By Christi Turner @sustainability.love
Somehow I’m at a point in my life as a cyclist that I often have people ask me things like, “how do you ride for so long?” or “how did you make it all the way up there?” The short answer, of course, is training and habit – and let’s not forget finding the right riding kit (chamois, ahem) and keeping a well-tuned bike. And the glue: lots and lots of support from friends and family.
But sometimes I’ll instead answer, “a mile is not a mile.” If there’s one thing I’ve learned, it’s that. Our typical hill training ride up and down Lookout Mountain, for example, is only about 14 miles – but we tuck in nearly 1,700 feet of climbing. Whereas our other go-to, from downtown Denver out to Littleton on the South Platte River Trail, is around 22 miles with hardly 400 feet of vertical (but oh, that steady headwind). If we tack on the jaunt to Chatfield, that makes for about 34 miles round-trip and around 700 feet of climbing. See what I mean?
And then there are factors like wind chill, a soaking rain, icy roads, the numbing of fingers and toes and limbs. Any number of variables can turn a mile into a MILE. My riding partner helps me see the value in every mile, no matter how tortuous: “that’s another experience to put in your bucket, Turner,” he’ll say.

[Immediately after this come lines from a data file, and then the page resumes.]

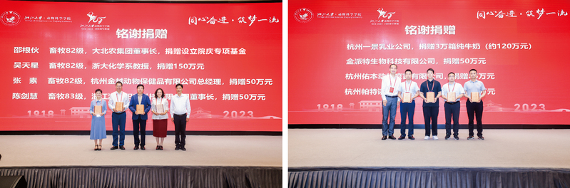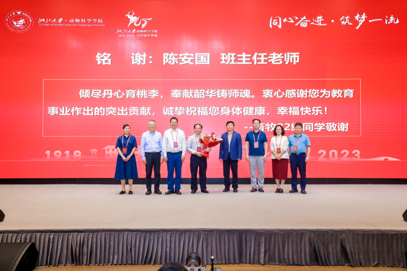 悠悠寸草心,报得三春晖。大会特别设置了感恩环节,畜牧82班校友代表向班主任陈安国老师赠送铭谢牌和献花,会场洋溢着浓浓的师生情。大北农集团董事长邵根伙校友,浙江大学化学系教授吴天星校友,杭州金越动物保健品有限公司总经理张素校友,浙江浙大阳光科技有限公司董事长陈剑慧校友,浙江一景乳业股份有限公司,金派特生物科技有限公司,杭州佑本动物疫苗有限公司,杭州帕特诺尔宠物有限公司向学院捐赠,为高质量发展注入新力量。学院向十余项基金捐赠单位和校友颁发铭谢牌,师生代表深情朗诵动科学院赋词《春华秋实》。
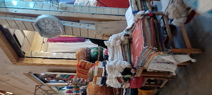 The image depicts an indoor market stall, characteristic of a souk in Marrakesh, Morocco. The scene is dominated by displays of various artisanal goods. In the foreground and mid-ground, numerous stacks of colorful textiles, including patterned blankets or rugs, are arranged on simple wooden display tables. Some textiles feature distinct white fringed edges or pompoms. Behind these, stacks of leather poufs or ottomans are visible, featuring brown and dark green colors. To the far left, another stall exhibits multiple pairs of multi-colored slippers (babouches). The background features an arched doorway with intricate carved wooden trim, opening into an interior space where white and magenta fabrics hang. A dark, indistinct form, possibly a person, is partially obscured behind the stacked goods in the mid-ground. On the right, a circular, woven decorative item with a star-like pattern is affixed to a vertical wooden panel. The walls are light-colored, and the visible floor surface appears to be a uniform light grey. No explicit human actions or interactions are visible.
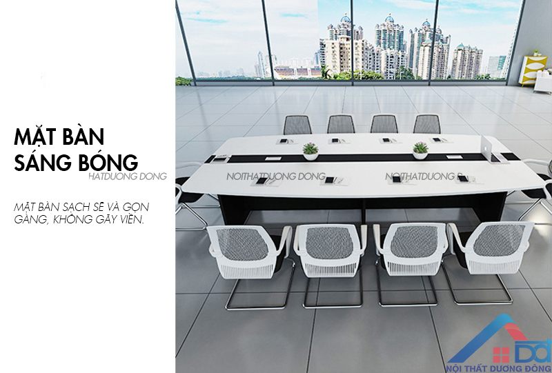 Bàn họp văn phòng kiểu dáng đơn giản tại Nội thất Dương Đông là mẫu bàn họp cao cấp được làm từ chất liệu Gỗ công nghiệp phủ melamine dày 25mm với thiết kế ấn tượng, thổi bừng sức sống không gian làm việc, mang năng lượng và truyền cảm hứng công việc cho người lãnh đạo. Tham khảo ngay bài viết sau đây để biết thêm nhiều thông tin chi tiết về mẫu bàn họp nhé!
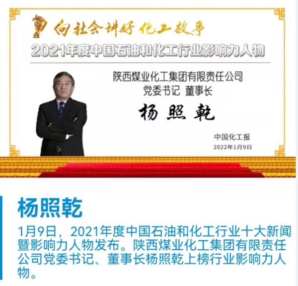 2022年1月9日,由中國石油和化學(xué)工業(yè)聯(lián)合會指導(dǎo),《中國化工報》社有限公司主辦的“2021年度石油和化工行業(yè)十大新聞暨影響力人物發(fā)布盛典”采用線上直播的形式舉行。陜煤集團黨委書記、董事長楊照乾榮膺“2021年度中國石油和化工行業(yè)影響力人物”。
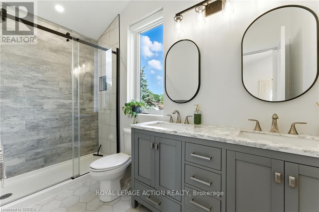 SHOWSTOPPING TWO-STOREY IN DESIRABLE HENDERSON! Welcome to this stunning 4-bedroom, 2.5-bathroom home offering over 1,728 sq. ft. of living space nestled in one of Brantford's most sought-after neighbourhoods. With exceptional curb appeal and a spacious interior this home is ideal for families and entertainers alike! Step inside to a warm and inviting main floor featuring a cozy living room and a formal dining room, perfect for hosting gatherings. The modern, open-concept kitchen is designed to impress with stainless steel appliances. A 2-piece powder room and a convenient laundry room with garage access complete the main floor. Upstairs, retreat to your spacious primary bedroom with vaulted ceilings, a private balcony, large walk-in closet, and a luxurious 4-piece ensuite. Three additional generous sized bedrooms and a 4-piece main bathroom provide plenty of room for family or guests. The finished basement with a large rec room, perfect for movie nights or games. Plus an additional office space and plenty of storage in the furnace room. Step outside to enjoy the expansive lot, ideal for summer evenings, gardening, or entertaining in your private backyard. An attached 1.5 car garage adds everyday convenience with ample parking. Located just minutes from schools, parks, trails, and amenities, this exceptional home truly offers it all. (id:64974)

That helps me appreciate (most of the time) whatever fresh hell we’re willingly putting ourselves through.
And it definitely helps get through those Big Rides. One of the “biggest” I’ve ever done, in fact, actually turned out to be not-as-big-as-feared, in part thanks to all those various types of miles in the bucket. This Big Ride was Haleakala, one of the most revered climbs in the U.S., on the island of Maui. Haleakala – the name of the mountain and the sleeping volcano in its belly – is a 36-mile steady climb from sea level to 10,351 feet. That’s right: a 10k elevation gain in 36 miles. There’s virtually no place to stop pedaling. There’s a persistent threat of thunderstorms. There’s a temperature range, from bottom to top and back down again, that makes planning the right kit to fit in your back pockets quite tricky. There’s a dense fog around 6,000 feet that doesn’t clear until you literally climb above it around 9000 feet. And there’s a long, long time to keep your mind steady and just keep turning the pedals over.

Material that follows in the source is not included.